> **Collected data**
* * * *

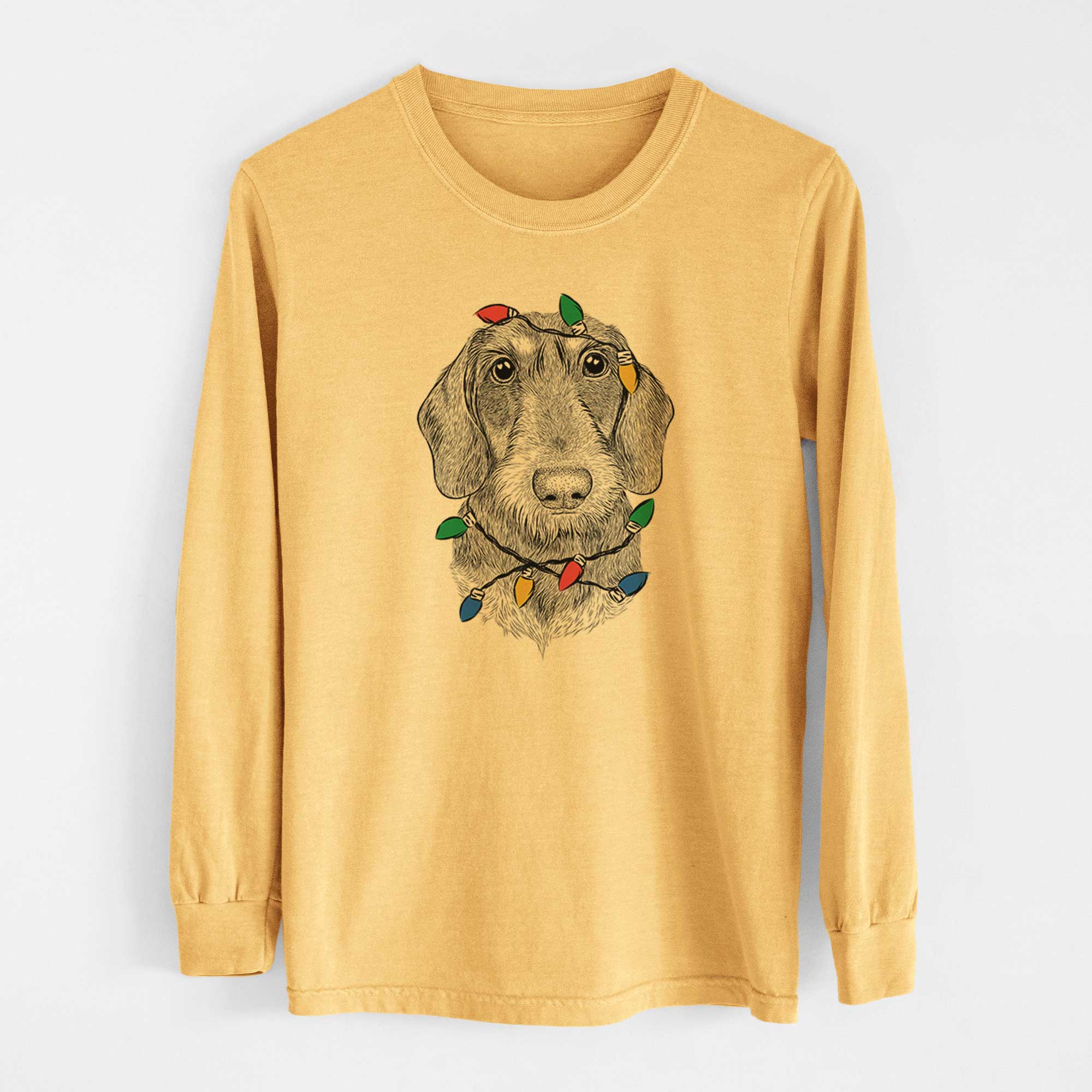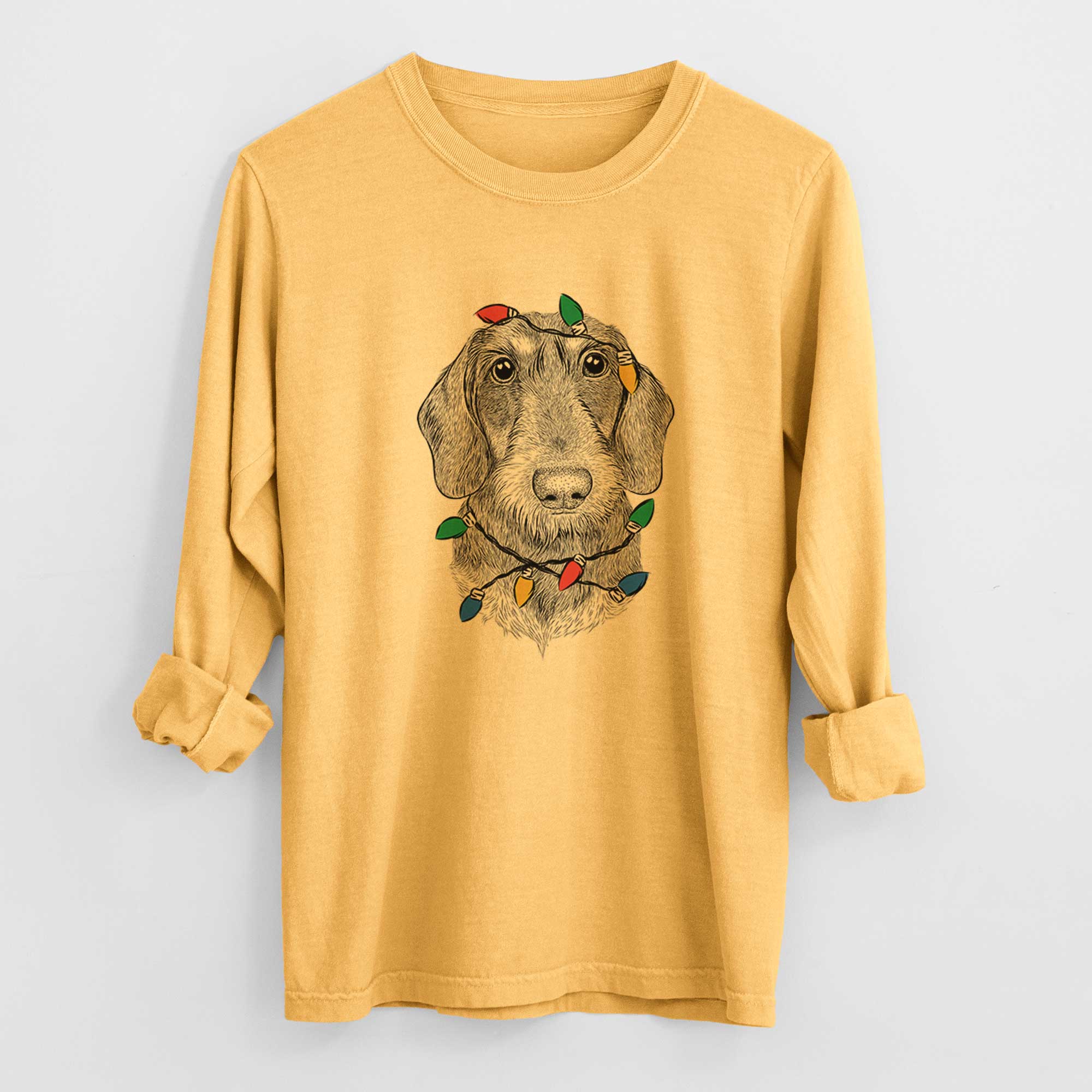 Christmas Lights Truman the Wirehaired Dachshund - Heavyweight 100% Cotton Long Sleeve
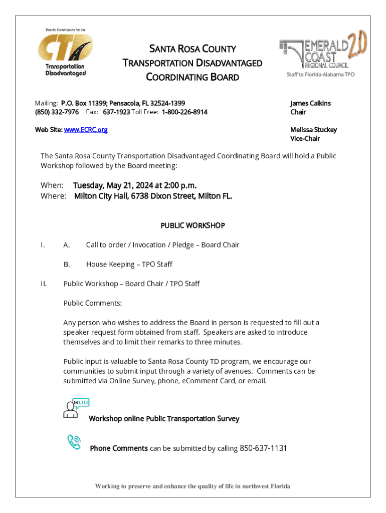 SANTA ROSA COUNTY TRANSPORTATION DISADVANTAGED COORDINATING BOARDStaff to Florida Alabama Compiling: P.O. Box 11399; Pensacola, FL 325241399 (850) 3327976 Fax: 6371923 Toll Free: 18002268914James
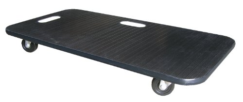 Fiberwood construction dollies feature a rubber padded surface and two hand holes to carry the unit. The PVC edge strip protects walls from scrapes. Units roll on four swivel wheels which are non-marring and oil-resistant. Deck measures 36" length by 24" width by 5-1/2" height.
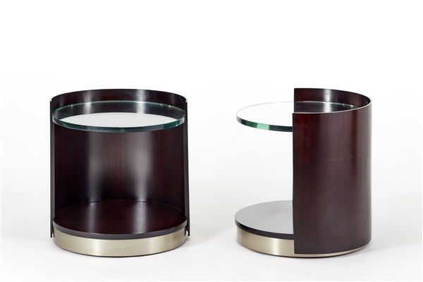 Coppia di comodini cilindrici. Produzione Formanova, Meda, anni '70. Legno laccato nero, un cassetto nella parte bassa, piano in cristallo di forte spessore, base in acciaio spazzolato. (h cm 52; d cm 50) (lievi difetti)
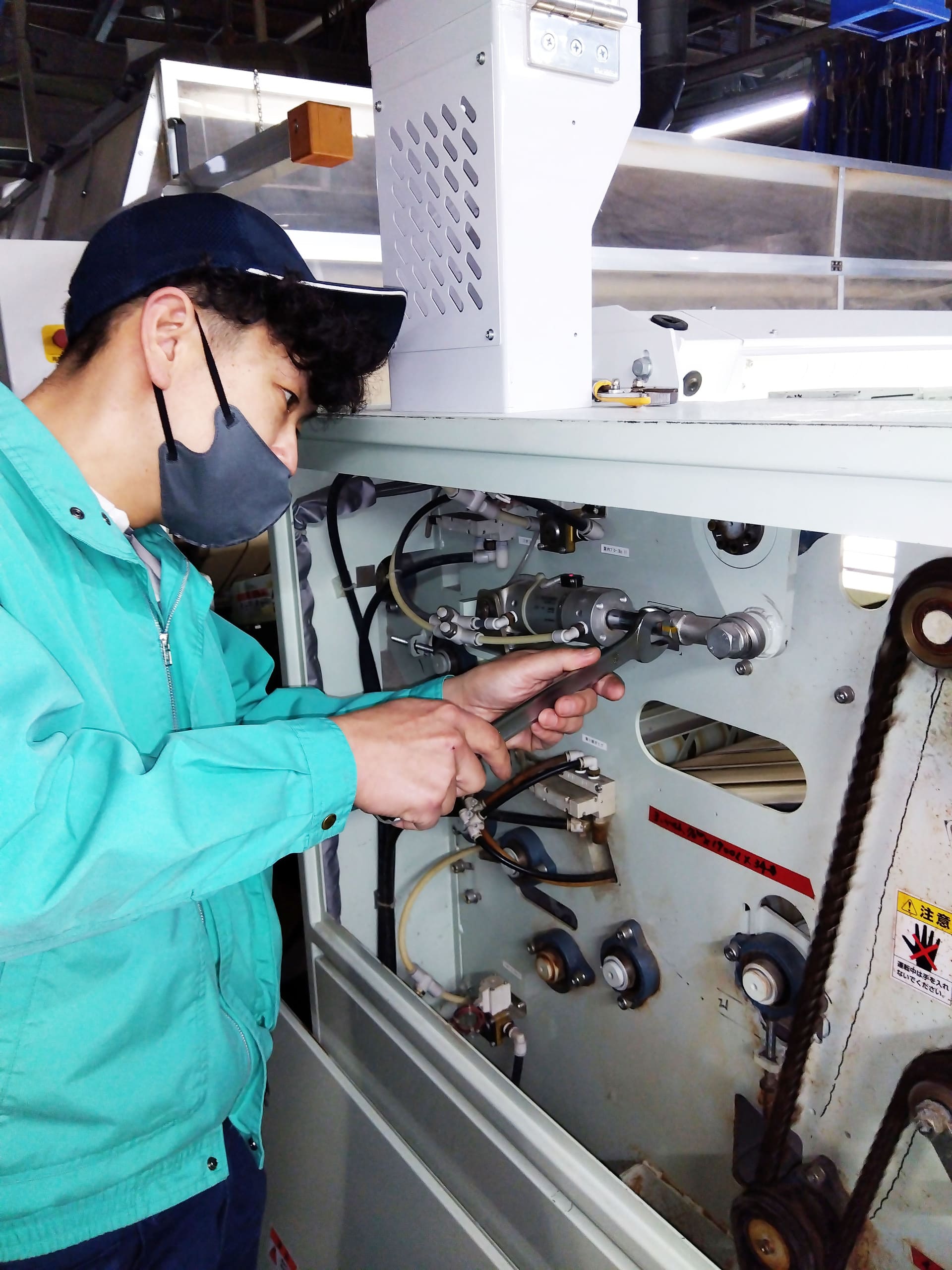 洗濯されたシーツ・包布・枕カバー・病衣などを機械へセットし、取り込まれた洗濯物がアイロンされ畳まれて出てきたら検品し出荷準備を行う、という一連の流れのポジションを担当しています。
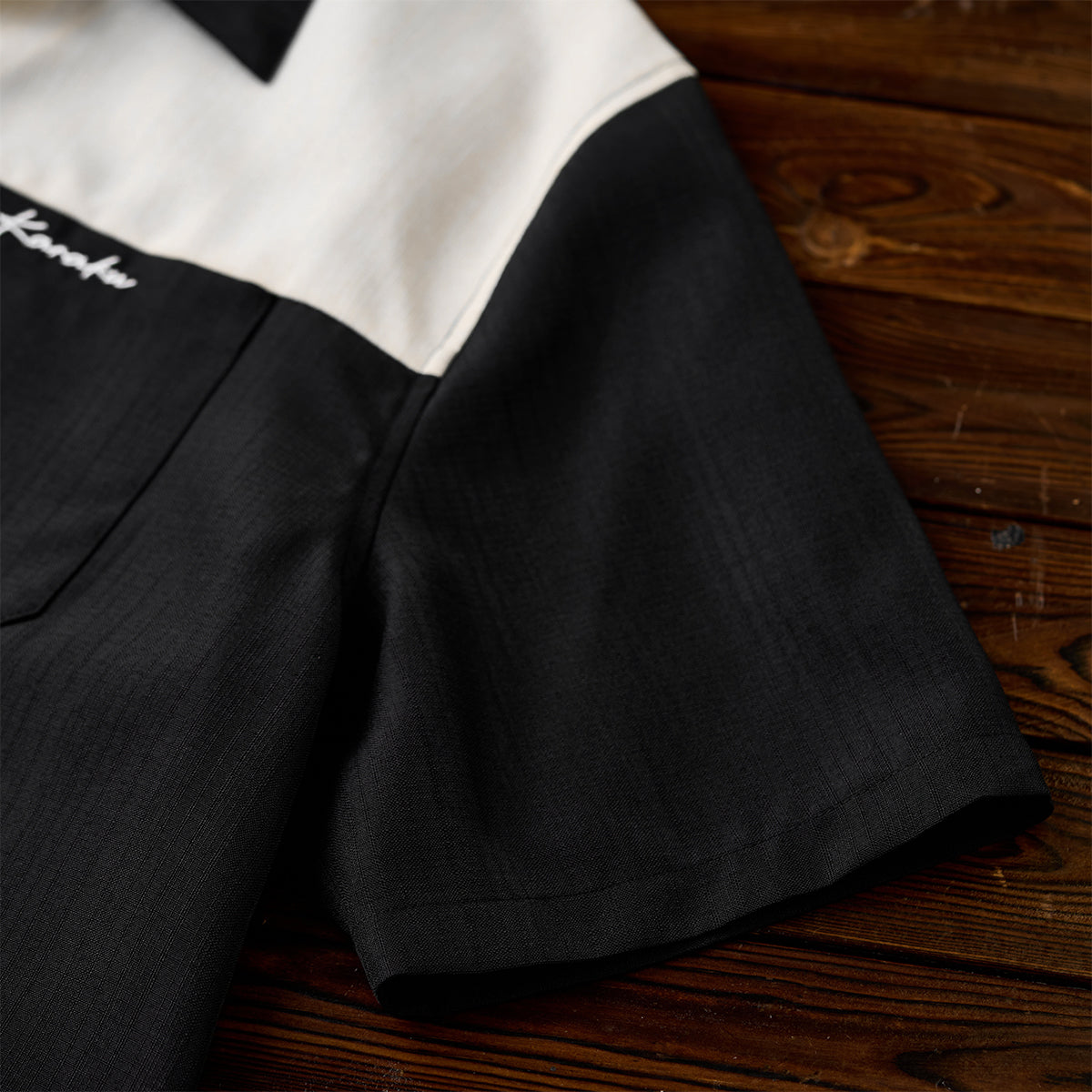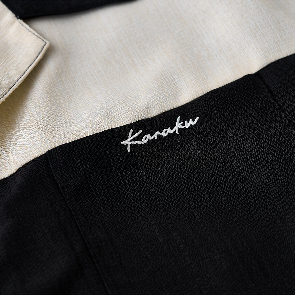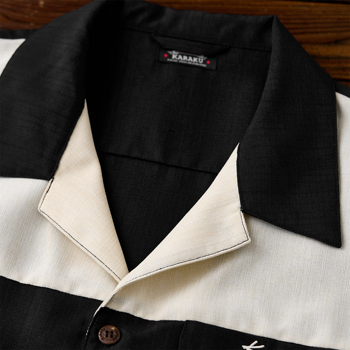 「Karaku」자수 배색 페이크 린넨 오픈 카라 셔츠
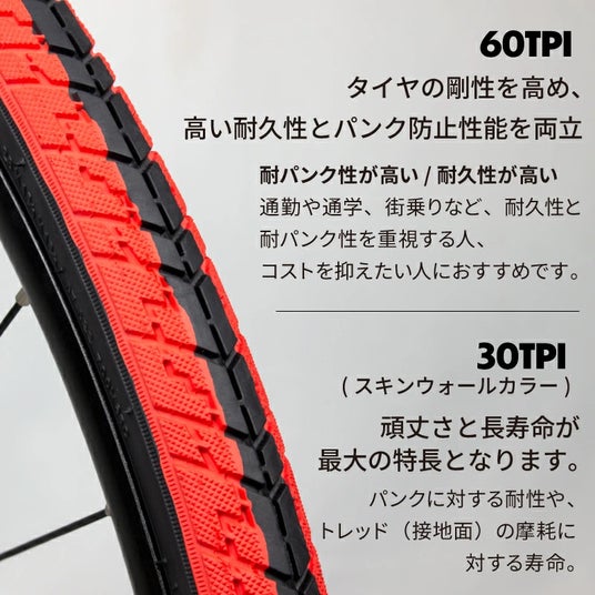 - 60 TPIケーシングで高い耐久性とパンク防止性
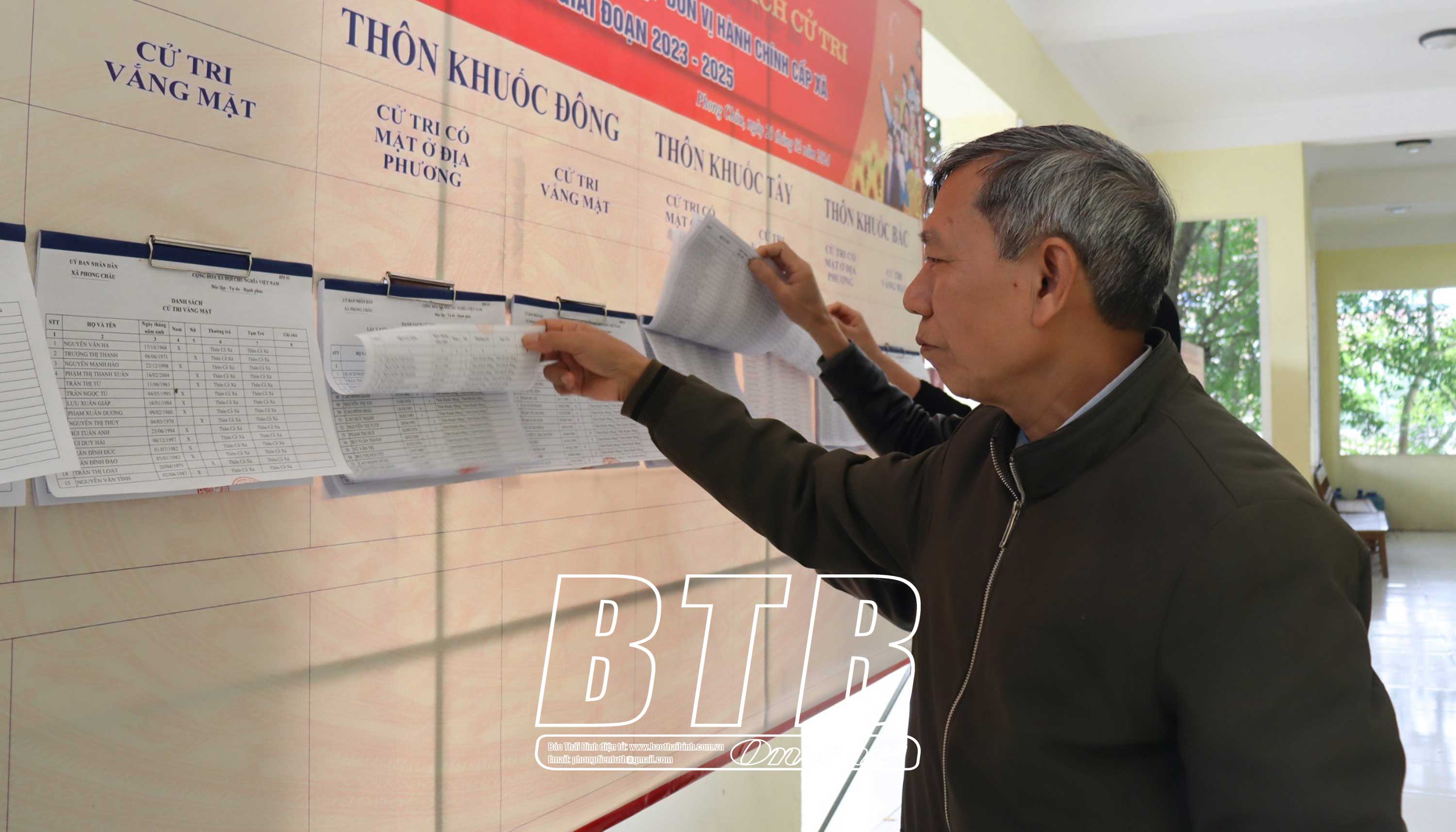 Người dân xã Phong Châu (Đông Hưng) theo dõi danh sách cử tri được niêm yết công khai tại trụ sở UBND xã.
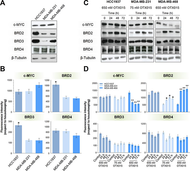 Figure 2: Baseline and post-OTX015 expression of BRD2/3/4 and c-MYC. Basel expression of BRD2/3/4 and c-MYC in terms of protein (A) and mRNA (B) levels were evaluated in the three cell lines by Western blotting and qRT-PCR, respectively. Protein (C) and mRNA (D) levels were evaluated after 24-, 48- and 72-h OTX015 (650 nM in HCC1937 and MDA-MB-468 cells, and 75 nM in the MDA-MB-231 cell line). Significant differences in mRNA levels were determined by one-way ANOVA test (p < 0.01) followed by an SNK a posteriori test (*p < 0.05, **p < 0.01). Western blots are representative of at least three independent experiments. Bars and vertical lines represent the mean ± SEM, respectively (n = 3).
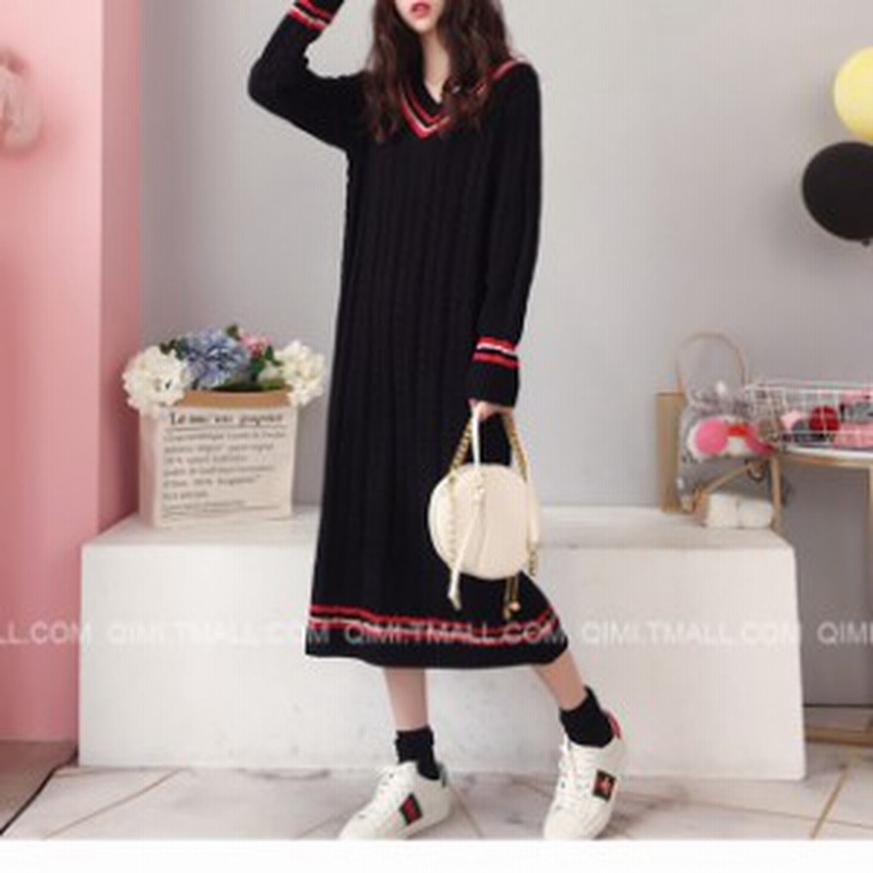 naning9vネックニットワンピース韓国 韓国ファッション vネック

* * * *

> **Exercise objective**
Reproduce exactly the lines of the data above that run from the line with "SANTA ROSA COUNTY" down to the line with "Fiberwood construction dollies", both ends included. Pictures do not belong in the copy.

> **Written response**
 SANTA ROSA COUNTY TRANSPORTATION DISADVANTAGED COORDINATING BOARDStaff to Florida Alabama Compiling: P.O. Box 11399; Pensacola, FL 325241399 (850) 3327976 Fax: 6371923 Toll Free: 18002268914James
 Fiberwood construction dollies feature a rubber padded surface and two hand holes to carry the unit. The PVC edge strip protects walls from scrapes. Units roll on four swivel wheels which are non-marring and oil-resistant. Deck measures 36" length by 24" width by 5-1/2" height.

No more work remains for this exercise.